▸ Task instructions
If a picture appears in the records, leave it out and transcribe the rest exactly.

▽

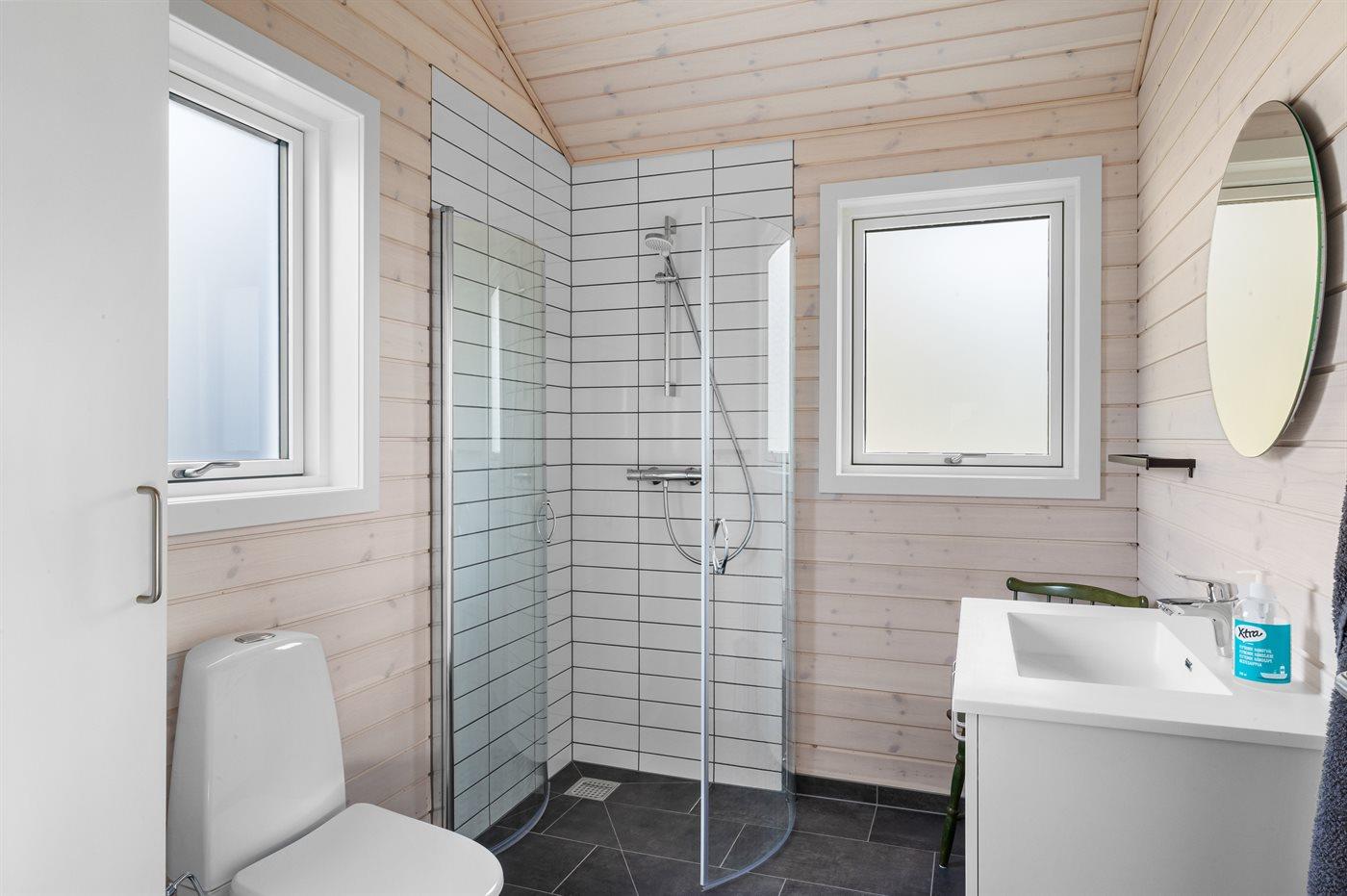 Es gibt 1 Badezimmer mit Duschnische und 2 Toiletten, davon 1 Gästetoilette. Fußbodenheizung in 1 Badezimmer. Fußbodenheizung in der Gästetoilette.
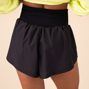 Seize the run in these so-flattering shorts, featuring a durable, water-resistant fabrication, built-in briefs and a knit high-rise waistband
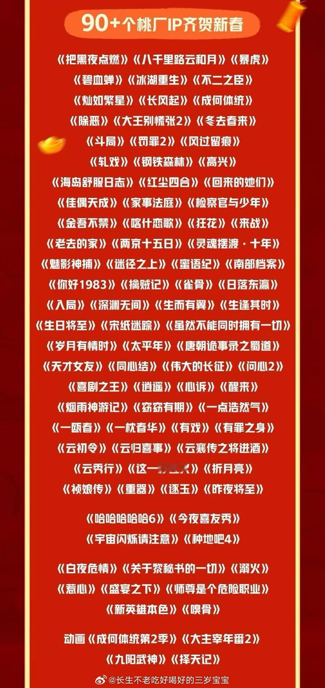 🥝大年片单也太全了吧!翻了一遍发现不仅有剧集综艺,居然还有动画《成何体统第2季》和《大主宰年番2》!《择天记》也在!!本二次元真的狂喜乱舞!去官微参与互动还能抽周边,这热闹必须凑,可比宅家无聊有意思多了!
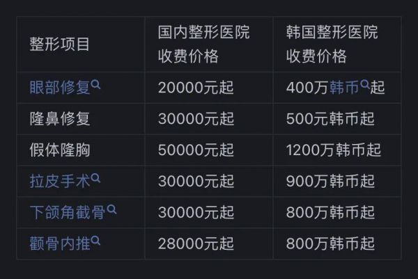 以拉皮手术为例,想找一位临床经验在20年以上,且主攻该领域的医生做手术,国内起码要七八万元。但在韩国,请相等资历的医生做手术,费用也就1200~1500万韩币(约合人民币6万多到8万元)。不少消费者认为,相同的项目,在韩国能够同时做到物美且价廉。
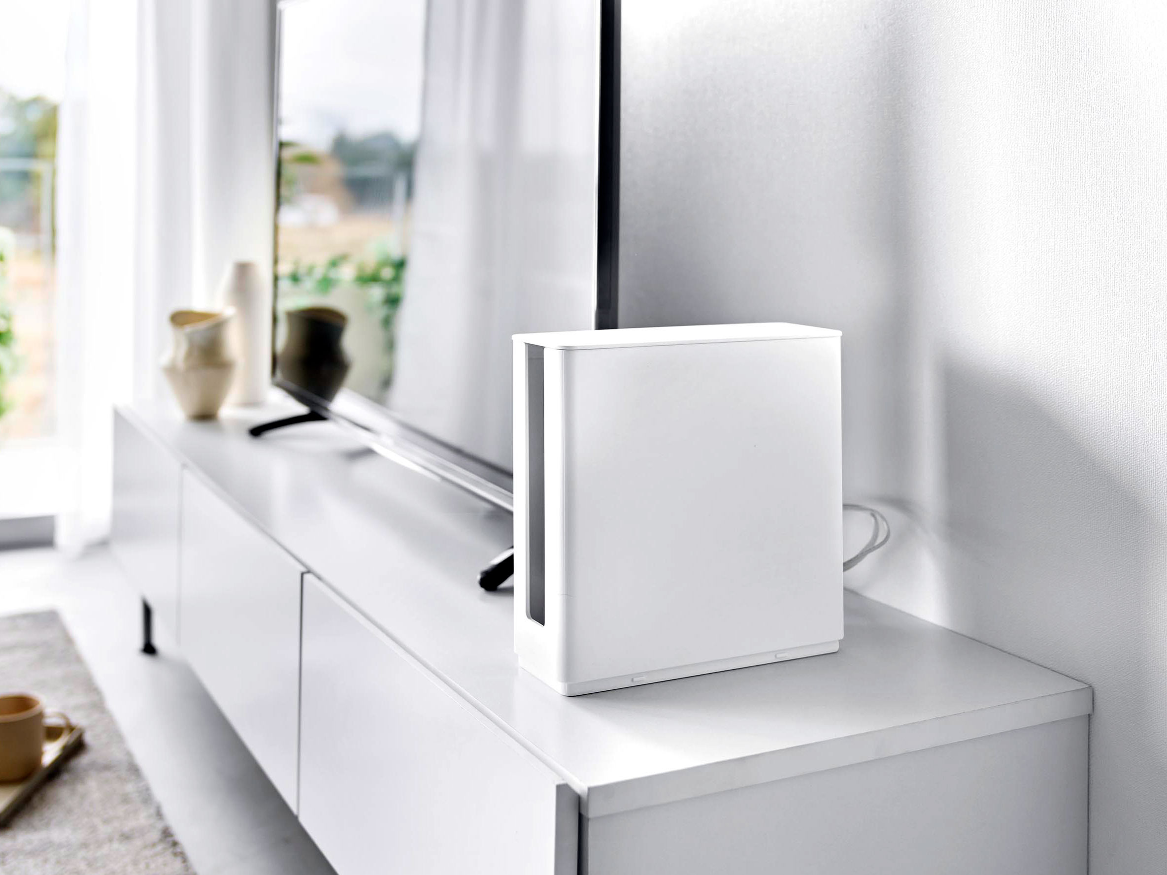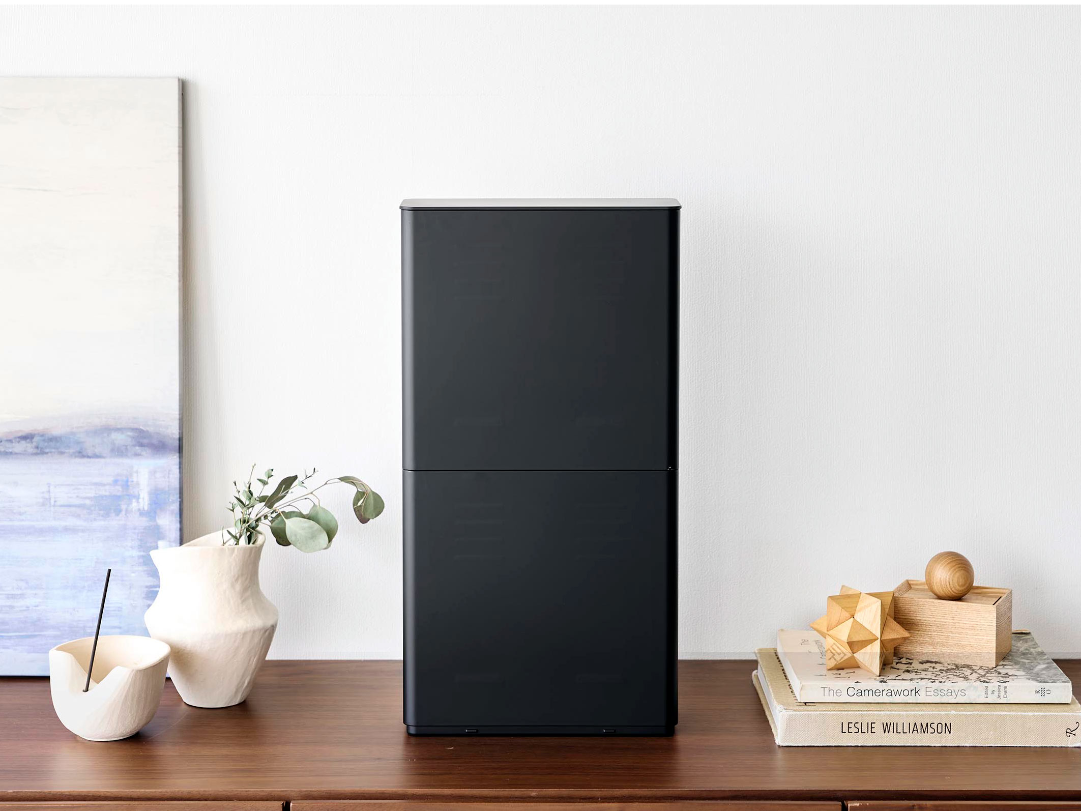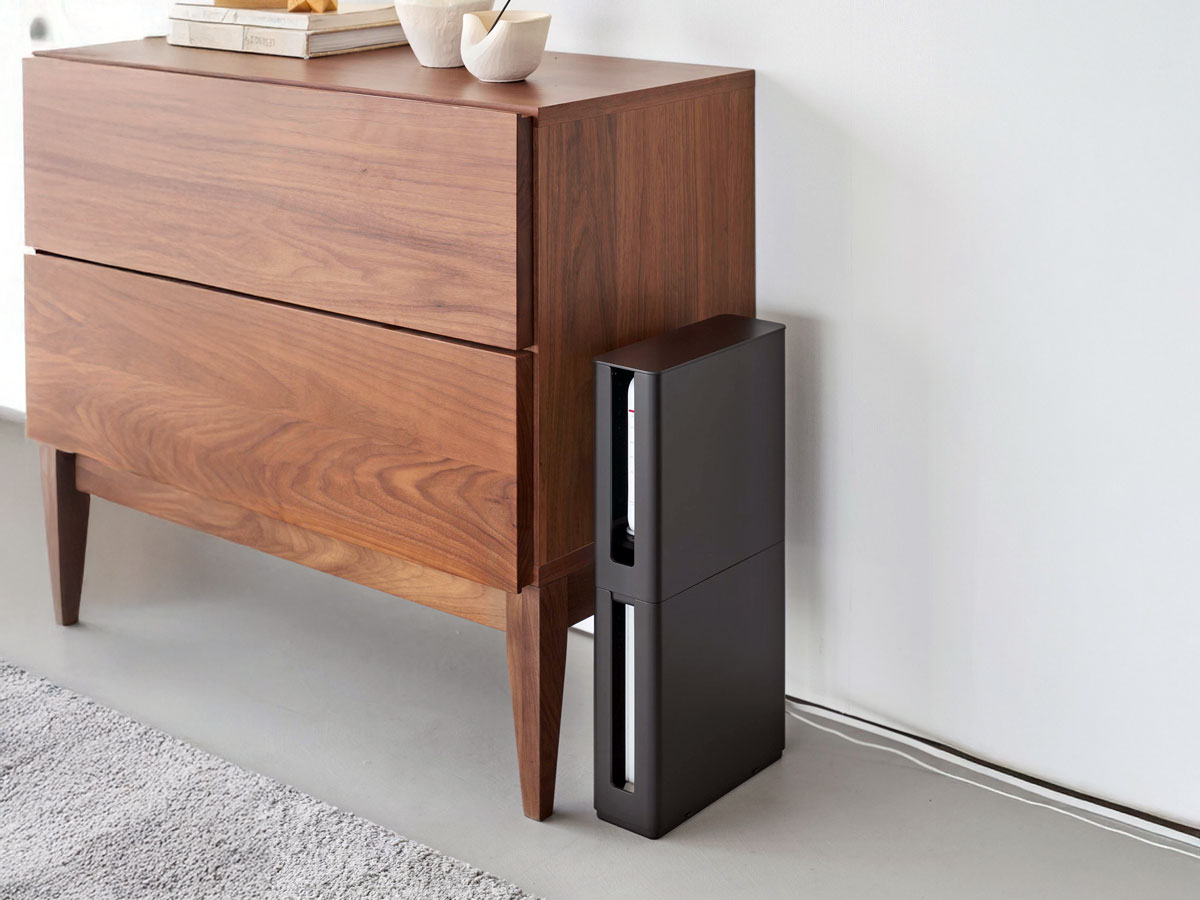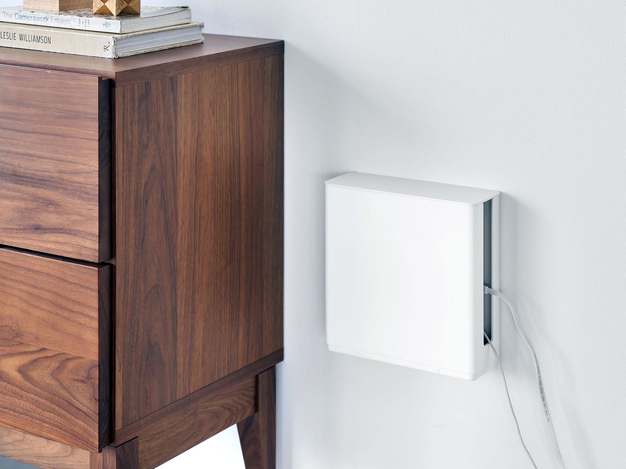 無駄を削ぎ落としたミニマルなフォルムと、マットな質感のスチールボディが特徴。リビング・書斎・寝室どこに置いても空間を引き締めてくれるデザイン性で、カラーはホワイトとブラックの2色展開。

△

▸ Response to the task
 Es gibt 1 Badezimmer mit Duschnische und 2 Toiletten, davon 1 Gästetoilette. Fußbodenheizung in 1 Badezimmer. Fußbodenheizung in der Gästetoilette.
 Seize the run in these so-flattering shorts, featuring a durable, water-resistant fabrication, built-in briefs and a knit high-rise waistband
 🥝大年片单也太全了吧!翻了一遍发现不仅有剧集综艺,居然还有动画《成何体统第2季》和《大主宰年番2》!《择天记》也在!!本二次元真的狂喜乱舞!去官微参与互动还能抽周边,这热闹必须凑,可比宅家无聊有意思多了!
 以拉皮手术为例,想找一位临床经验在20年以上,且主攻该领域的医生做手术,国内起码要七八万元。但在韩国,请相等资历的医生做手术,费用也就1200~1500万韩币(约合人民币6万多到8万元)。不少消费者认为,相同的项目,在韩国能够同时做到物美且价廉。
 無駄を削ぎ落としたミニマルなフォルムと、マットな質感のスチールボディが特徴。リビング・書斎・寝室どこに置いても空間を引き締めてくれるデザイン性で、カラーはホワイトとブラックの2色展開。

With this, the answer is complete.